Tunisian interim Interior Minister Ali Laârayedh and his Libyan counterpart Fawzi Abdelali agreed March 30th to increase co-operation in security, stability and development.
At their meeting in Tunis, the Libyan minister stressed the importance of security co-ordination between Libya and Tunisia in the upcoming period, especially in terms of securing the joint land borders to combat organised crime, terrorism and illegal trafficking, especially smuggling of arms.
Abdelali also stressed the need to reactivate previous agreements signed between the two countries, especially in terms of security issues.
The Libyan minister also noted that the bilateral practical steps that were taken in security co-operation started to appear on the ground, and would contribute to the flow of movement of citizens between the two countries.
"We were able to overcome all security problems that took place, or expected to take place, along the border between the two countries," Abdelali said. "There is progress in securing the Libyan-Tunisian border after many Interior Ministry personnel were deployed to the crossings."
It is worth mentioning that the Libyan Interior Ministry has deployed regular police forces at Ras Jedir crossing following the security problems that were caused by the armed militias that were controlling the crossing.
The Libyan minister noted that a specialised border guard force would be created in the upcoming period, confirming that there is co-ordination in this regard between the interior ministries in the two countries to deal with all the expected security problems.
"That agency will have a strong presence on the Libyan border," he commented. "We won't allow the Libyan soil to be a source of any aggression or attempt to undermine the security, safety and territorial integrity of Tunisia."
Abdelali confirmed that Libya wouldn't tolerate the takfirist groups and would deal with them as enemies of the Tunisian and Libyan peoples alike.

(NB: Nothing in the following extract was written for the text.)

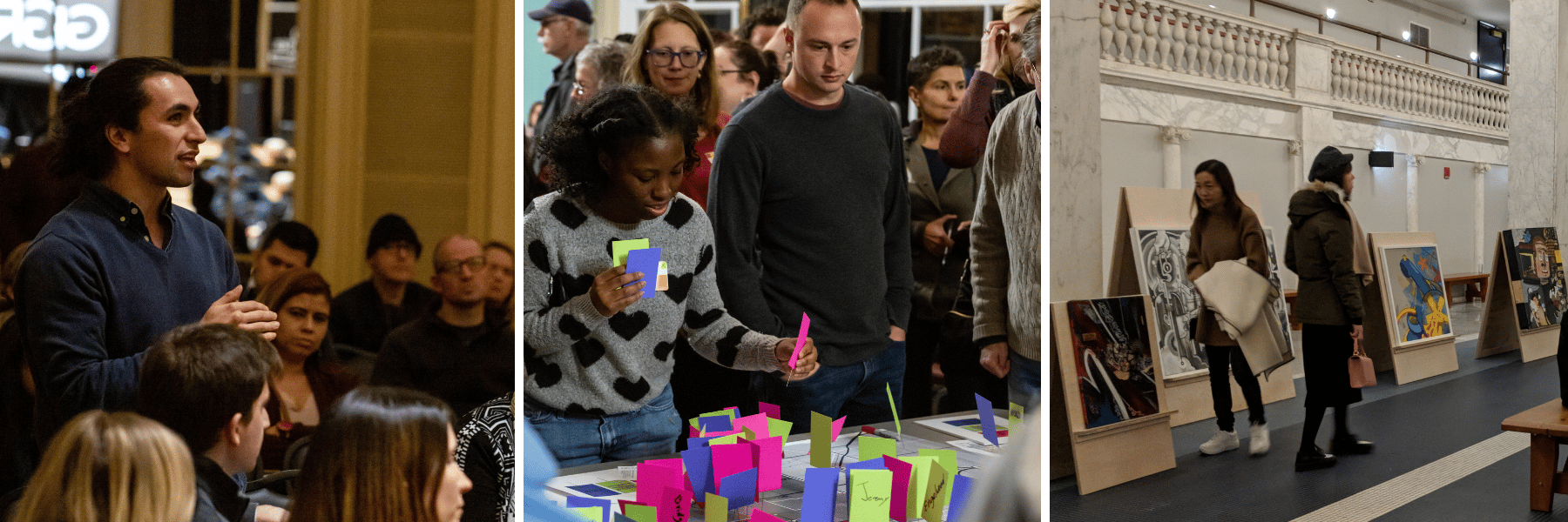 Artist Tonika Johnson explained the background of her Folded Map Project: “I saw the gradient of change in Chicago neighborhoods on my daily commute to school...Chicago's segregation made such an impression on me I started to think in terms of addresses.” After a series of interactive art activities involving sticky notes, photography, placing pins on a giant printed map of Chicago, and conversation, Johnson gave audiences this call to action: “Get to know people from different neighborhoods, talk to them, and visit them.”

Meanwhile, he urged Tunisia to extradite wanted Libyans in Tunisia given the danger they pose to Libya's security and stability.
For his part, Tunisian Interior Minister Ali Laârayedh confirmed that no Libyan on Tunisian soil can engage in any activities that would undermine the security of Libya's revolution or affect it in any way.

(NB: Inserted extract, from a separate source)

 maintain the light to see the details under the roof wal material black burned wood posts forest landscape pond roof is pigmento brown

"We're committed to protecting the Libyan revolution," he said.
He stressed the need to enhance bilateral relations between the two countries in security fields, especially in terms of exchanging information on terrorist activities and combating illegal immigration.

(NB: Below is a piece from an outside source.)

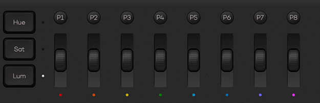 HLSについては、色相、彩度、輝度それぞれ用のボタンがあり、選択後に各色毎のダイアルで調整をする。

Tunisia is still worried about the proliferation of Libyan arms and the danger of terrorist groups that are trying to exploit the border areas between the two countries.
Tunisians agree that the deteriorating security in Libya would directly affect conditions in their country.
"Libya's stability and security are part of our country's security and stability, and therefore, it is a bilateral issue that should be the focus of continuous co-operation," said Tunisian citizen Mohamed Mihoub.
"I think that all regional countries have now become concerned with finding solutions, drawing up a strategy and helping in addressing security threats posed by the Libyan arms or terrorist networks," Imed Triki said.